Novel methods for the study of cell biological processes produce unprecedented data to be analyzed. To maximize the information that can be extracted from the experimental results, appropriate and advanced statistical analytical methods should be exploited. Recent microscopy techniques, in particular total internal reflection fluorescence (TIRF) microscopy, have made it possible to visualize single exocytotic events in neurons and endocrine cells [1-8]. Exocytosis is the process during which the lipid membranes of neurotransmitter-filled synaptic vesicles (in neurons), or hormone-containing secretory granules (in endocrine cells), fuse with the cell membrane, which allows the signalling molecules contained within the granule to escape to the extracellular space [9].

Such imaging data has given deep insight into the molecular and dynamical regulation of exocytosis.
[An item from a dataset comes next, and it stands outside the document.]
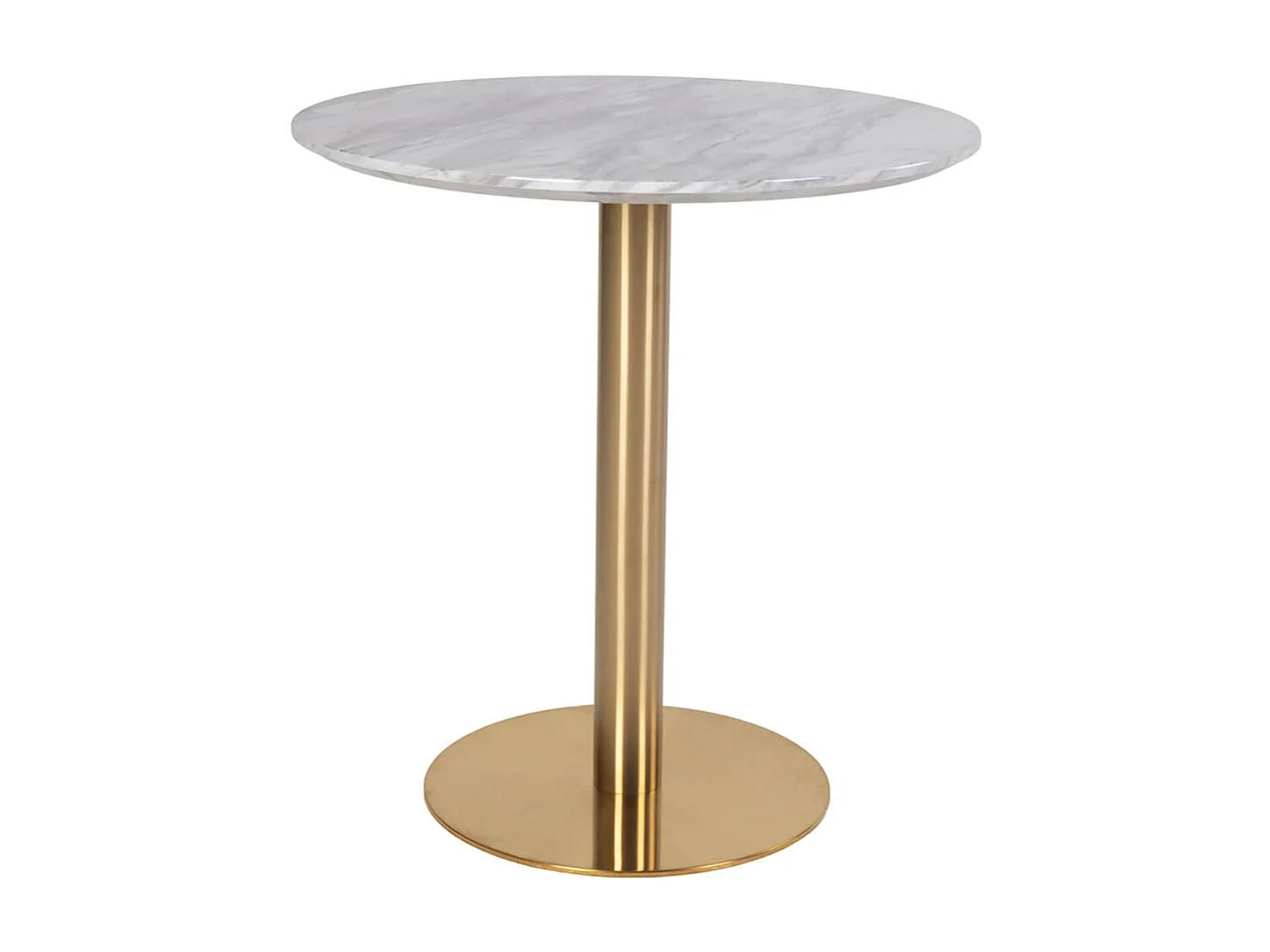 TYROL - Table Repas Ø70cm Plateau MDF Aspect Marbré et Pied Métal Doré

However, to our knowledge, these single-granule data have until now been analyzed by counting the (cumulative) number of events over all observed granules and cells, sometimes followed by simple curve fitting [3, 4, 10]. Thus, more rigorous methods for quantification and analysis of imaging data of exocytosis are needed [6]. We propose here that the detailed temporal information contained in this type of data allows for statistical analysis using tools from time-to-event (also known as survival or failure time) analysis. These methods are typically used for clinical or demographic data where individuals are followed until a certain event of interest, such as death, onset of disease, conception, first-time marijuana use, etc. [11-13]. Another common area of their application is reliability engineering where the interest is the time to failure of an instrument or machine. Since the structure in such data is similar to the live cell imaging exocytosis data of interest here, it allows us to apply these well-established statistical methods on completely different biological and temporal scales.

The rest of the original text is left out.